Damanaki considers banning discards

01 Mar 2011
Maria Damanaki is considering banning discards. ©European Union 2010

Maria Damanaki is considering banning discards. ©European Union 2010

At the first high level meeting on discards, European Commissioner for Maritime Affairs and Fisheries, Maria Damanaki, said that she is considering banning discards altogether, as part of the CFP reform.

Speaking in Brussels she said: “I consider discarding of fish unethical, a waste of natural resources and a waste of fishermen’s effort. But I would like to go further… Therefore, I am considering proposing a discard ban as part of the CFP reform proposals.”

She said that continuing with the current policy will put the production capacity of marine ecosystems is at risk, and that discarding will erode the economic basis of fishermen and coastal regions will be eroded. She went on to say that fishermen and their families will pay the bill and consumers will turn away from fish, because, sooner or later, it will receive a negative image of waste of natural resources.

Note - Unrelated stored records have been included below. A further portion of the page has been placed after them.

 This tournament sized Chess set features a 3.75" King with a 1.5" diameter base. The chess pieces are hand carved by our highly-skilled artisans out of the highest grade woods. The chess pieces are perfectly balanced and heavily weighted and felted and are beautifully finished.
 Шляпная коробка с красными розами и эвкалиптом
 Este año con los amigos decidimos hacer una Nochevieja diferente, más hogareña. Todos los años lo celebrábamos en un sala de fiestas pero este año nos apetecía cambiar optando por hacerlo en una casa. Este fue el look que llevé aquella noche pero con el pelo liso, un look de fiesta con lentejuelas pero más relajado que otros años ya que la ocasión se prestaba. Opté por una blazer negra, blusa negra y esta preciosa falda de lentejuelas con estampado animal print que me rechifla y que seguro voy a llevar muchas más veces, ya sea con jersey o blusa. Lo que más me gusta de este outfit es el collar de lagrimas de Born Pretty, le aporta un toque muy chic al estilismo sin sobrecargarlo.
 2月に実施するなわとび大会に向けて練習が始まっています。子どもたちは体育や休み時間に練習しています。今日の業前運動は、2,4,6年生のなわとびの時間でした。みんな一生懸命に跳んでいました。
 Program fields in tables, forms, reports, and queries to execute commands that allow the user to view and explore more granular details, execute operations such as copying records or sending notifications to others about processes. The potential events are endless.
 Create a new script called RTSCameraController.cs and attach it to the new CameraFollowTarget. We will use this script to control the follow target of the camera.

She outlined that idea, saying it would have to be a “gradual approach”. “We can start with the pelagic fisheries, and then cover a few important demersal mixed fisheries after a short phase in period. The list of species covered by a discard ban could then be enlarged year by year,” she said.

She then went on to say that the question then is which management system to choose, in order to manage fish stocks. One possibility would be to only manage mixed fisheries with an effort system. The idea is to preserve relative stability by translating the relative stability in quotas into a relative stability in effort for mixed fisheries. Such a management system is relatively simple as all catches would need to be landed. Control is also easy as the time spent at sea can be easily controlled by the vessel monitoring system.

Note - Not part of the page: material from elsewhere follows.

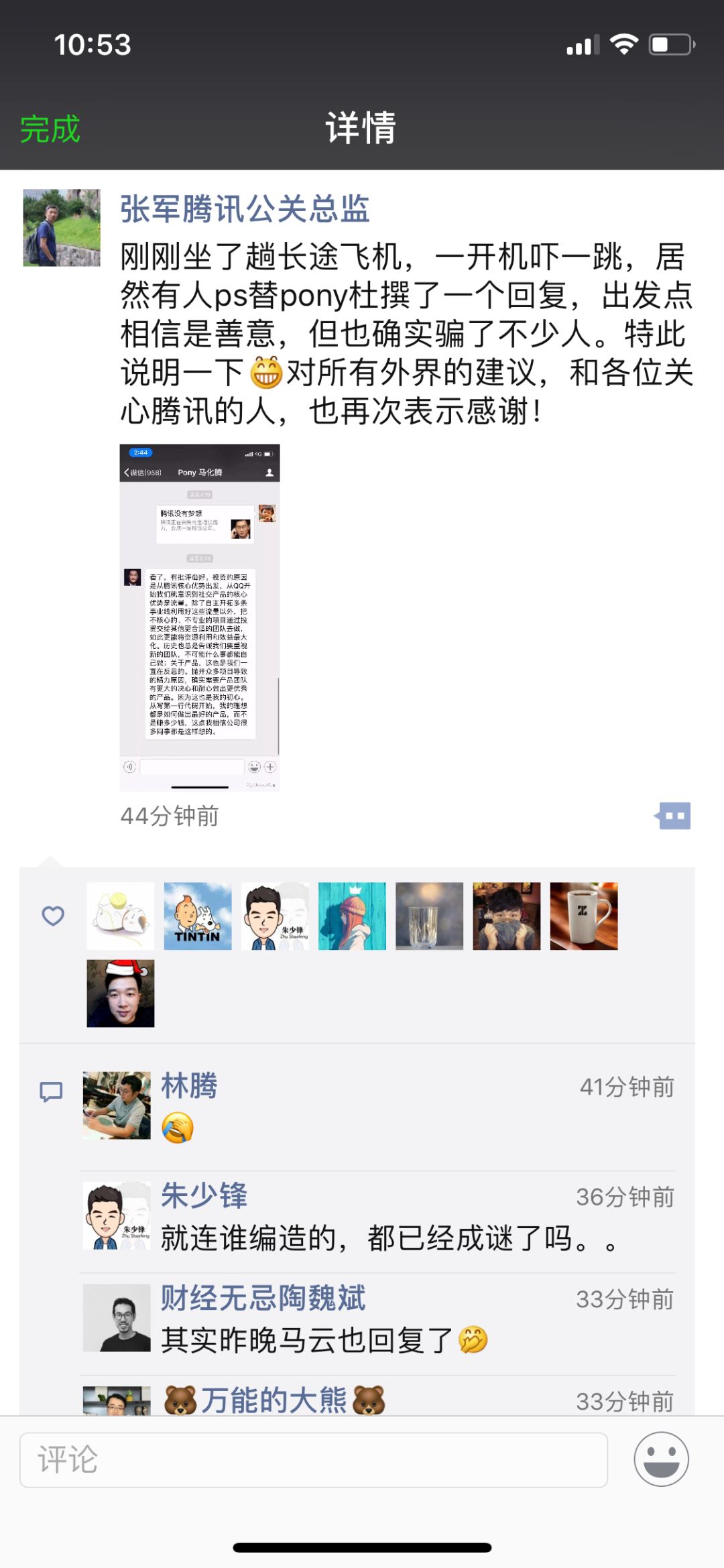 4、5月6日22点09点,腾讯公关总监张军在其朋友圈证实,此截屏为假:
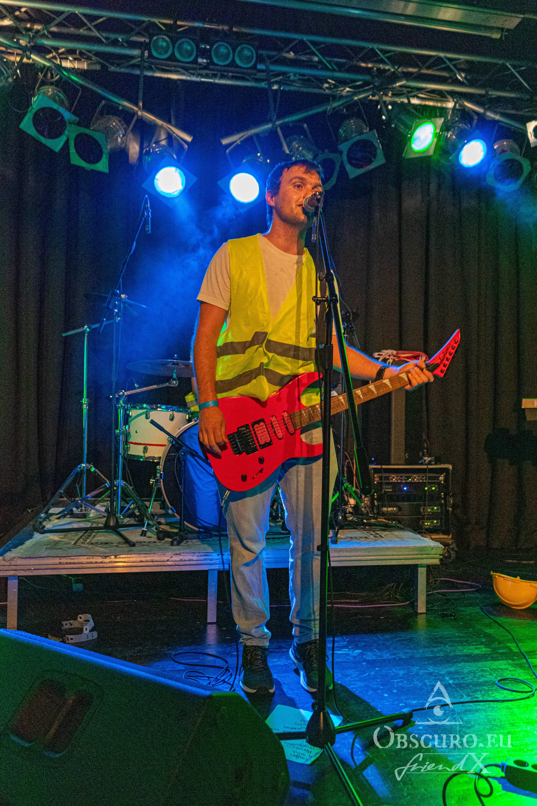 The second band of the evening needs only a few minutes to set up. Instead of Zelle 14 we welcome a Störung Im Betriebsablauf. Most customers of the Deutsche Bahn know a not so nice “Störung im Betriebsablauf”, which usually leads to long delays. Not this time. The band has a pretty punky attitude. And they wear safety helmets and vests so that they can get through their 40-minute set unharmed.

Another possibility is the catch quota system with by catch quotas. All catches would have to be counted against quotas and then later against the by catch quotas. In such a system it would also be necessary that Member States allocate quotas more in line with the real possible catches of their vessels. A catch quota system would need guarantees that it would work, because it will be more complicated.

She said: “Whatever system is chosen in the end, whether it is effort management or catch quotas, a discard ban needs consistency in all rules of the CFP. We need consistency in market measures. Also the control pillars of the CFP, will be very important. We will need CCTV or observers on board vessels above a certain length.”